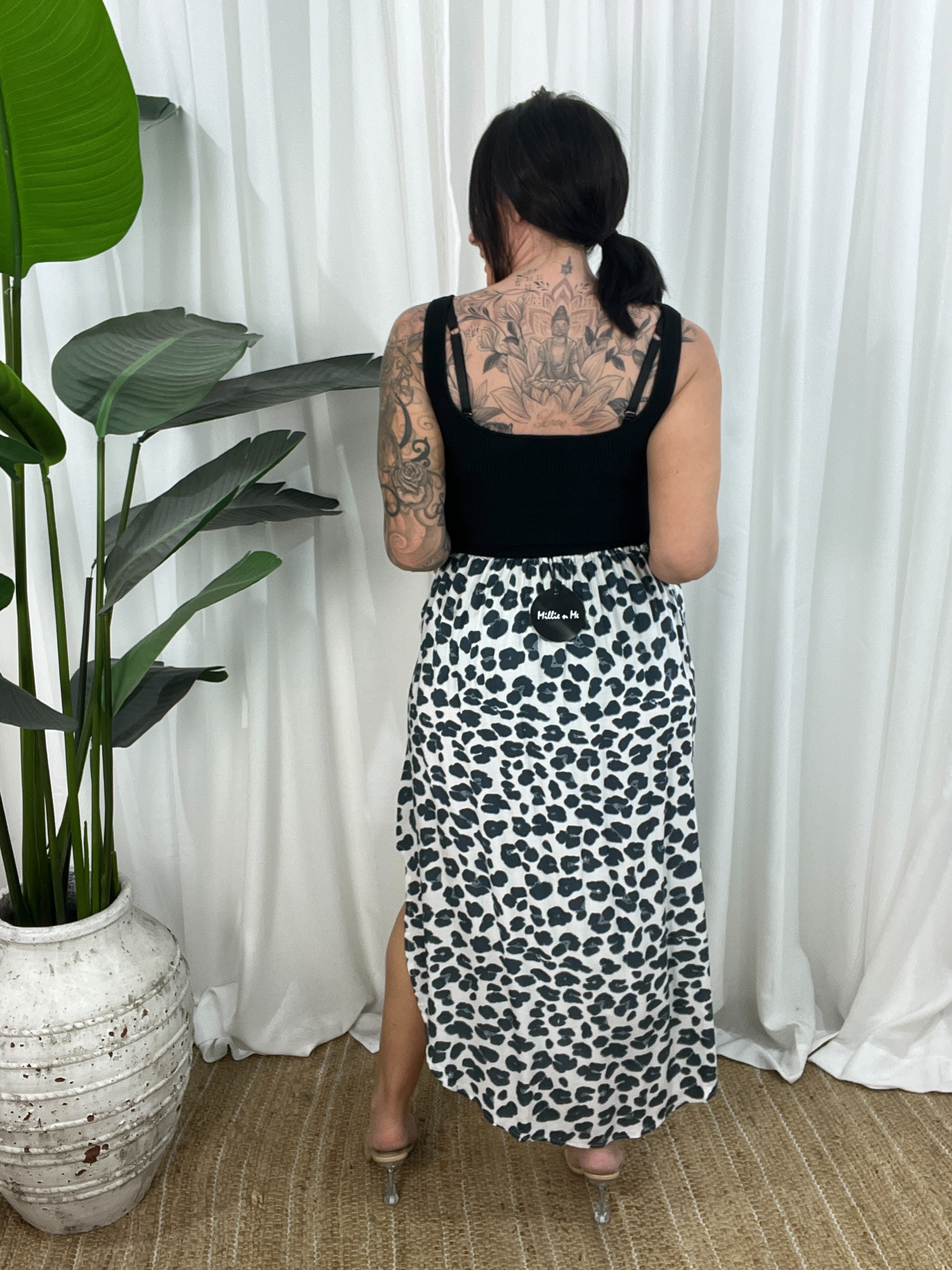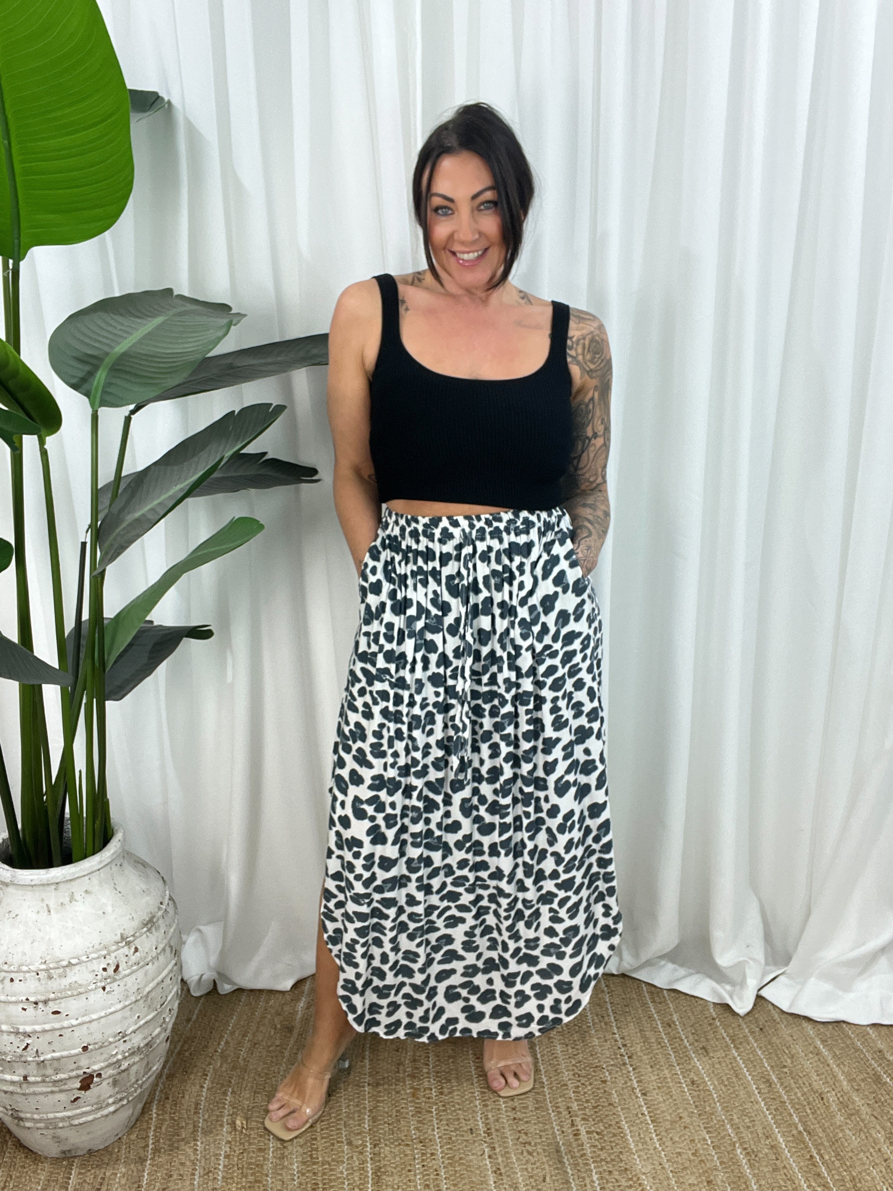 Our beautiful Grace Skirts are a straight cut scooped hem skirt with splits up each side. Light weight mid length and extremely comfortable. Oh and she has pockets. Grace looks stunning on and she comes in 4 colour ways Whirlte small leopard, grey large leopard, brown leopard and apricot leopard.
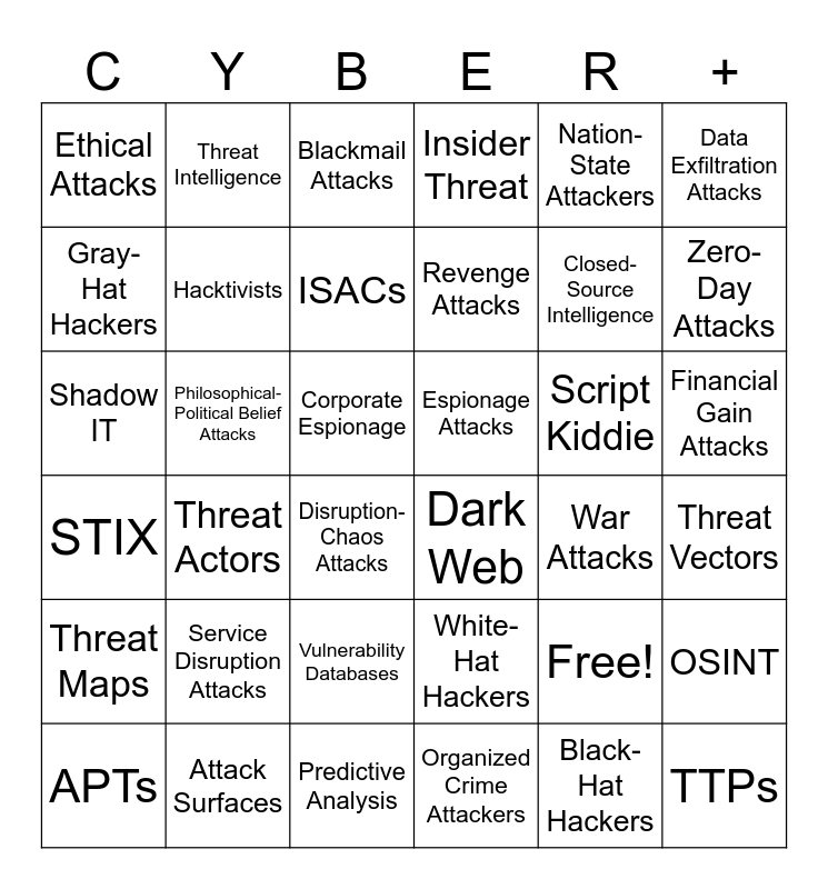 This bingo card has 37 words: Free!, White-Hat Hackers, Black-Hat Hackers, Gray-Hat Hackers, Threat Actors, Script Kiddie, Hacktivists, Organized Crime Attackers, Nation-State Attackers, APTs, Zero-Day Attacks, Insider Threat, Shadow IT, Corporate Espionage, Data Exfiltration Attacks, Espionage Attacks, Service Disruption Attacks, Blackmail Attacks, Financial Gain Attacks, Philosophical-Political Belief Attacks, Ethical Attacks, Revenge Attacks, Disruption-Chaos Attacks, War Attacks, Attack Surfaces, Threat Vectors, Threat Intelligence, Predictive Analysis, OSINT, Vulnerability Databases, IoCs, Dark Web, Closed-Source Intelligence, Threat Maps, STIX, ISACs and TTPs.
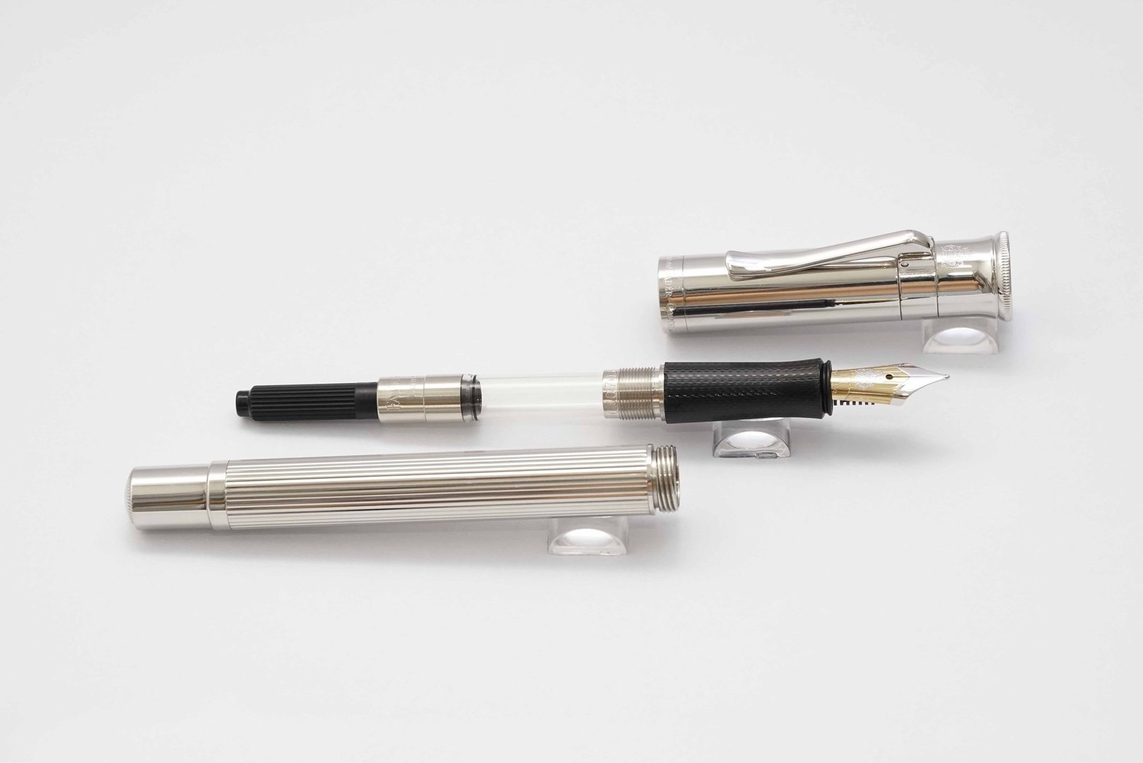 Phiên bản bút máy Graf von Faber-Castell Guilloche Viper Green mang phong cách sang trọng với thiết kế có tính thẩm mỹ cao cũng như phát huy tối đa công năng sử dụng. Mỗi chi tiết trên thân bút đều được trau chuốt tỉ mỉ. Thân bút gia công từ hỗn hợp nhựa resin cao cấp màu xanh lá, bề mặt thân bút được tạo điểm nhấn với các đường hoạ tiết guilloches dạng vẩy rắn, đây là những hoa văn chạm khắc tinh xảo dùng để trang trí bề mặt đồng hồ và các món trang sức đắt tiền. Nắp bút đậy kiểu ren vặn và được làm từ hợp kim liền khối tạo cảm giác liền lạc, phần đỉnh nắp bút uốn cong xoè ra ngoài để tạo điểm nhấn, viền nắp có khắc dòng chữ Graf Von Faber-Castell. Thanh cài khá đặc trưng của dòng Graf Von với dáng cong uyển chuyển, cài bút có độ nẫy tốt nhờ cơ cấu đàn hồi phức tạp bên trong nắp. Ngòi bút chế tác từ vàng 18K dạng twotone có độ hoàn thiện cao, lưng ngòi khắc logo Faber-Castell cùng nhiều hoa văn sắc nét, ngòi bút cỡ F cho ra nét chữ trơn mượt khi viết. Bút sử dụng converter cao cấp đi kèm.

> _Your task_
For this exercise, copy each line of the data above exactly, from the first through the line containing "This bingo card", and drop the pictures.

> _Completed task_
 Our beautiful Grace Skirts are a straight cut scooped hem skirt with splits up each side. Light weight mid length and extremely comfortable. Oh and she has pockets. Grace looks stunning on and she comes in 4 colour ways Whirlte small leopard, grey large leopard, brown leopard and apricot leopard.
 This bingo card has 37 words: Free!, White-Hat Hackers, Black-Hat Hackers, Gray-Hat Hackers, Threat Actors, Script Kiddie, Hacktivists, Organized Crime Attackers, Nation-State Attackers, APTs, Zero-Day Attacks, Insider Threat, Shadow IT, Corporate Espionage, Data Exfiltration Attacks, Espionage Attacks, Service Disruption Attacks, Blackmail Attacks, Financial Gain Attacks, Philosophical-Political Belief Attacks, Ethical Attacks, Revenge Attacks, Disruption-Chaos Attacks, War Attacks, Attack Surfaces, Threat Vectors, Threat Intelligence, Predictive Analysis, OSINT, Vulnerability Databases, IoCs, Dark Web, Closed-Source Intelligence, Threat Maps, STIX, ISACs and TTPs.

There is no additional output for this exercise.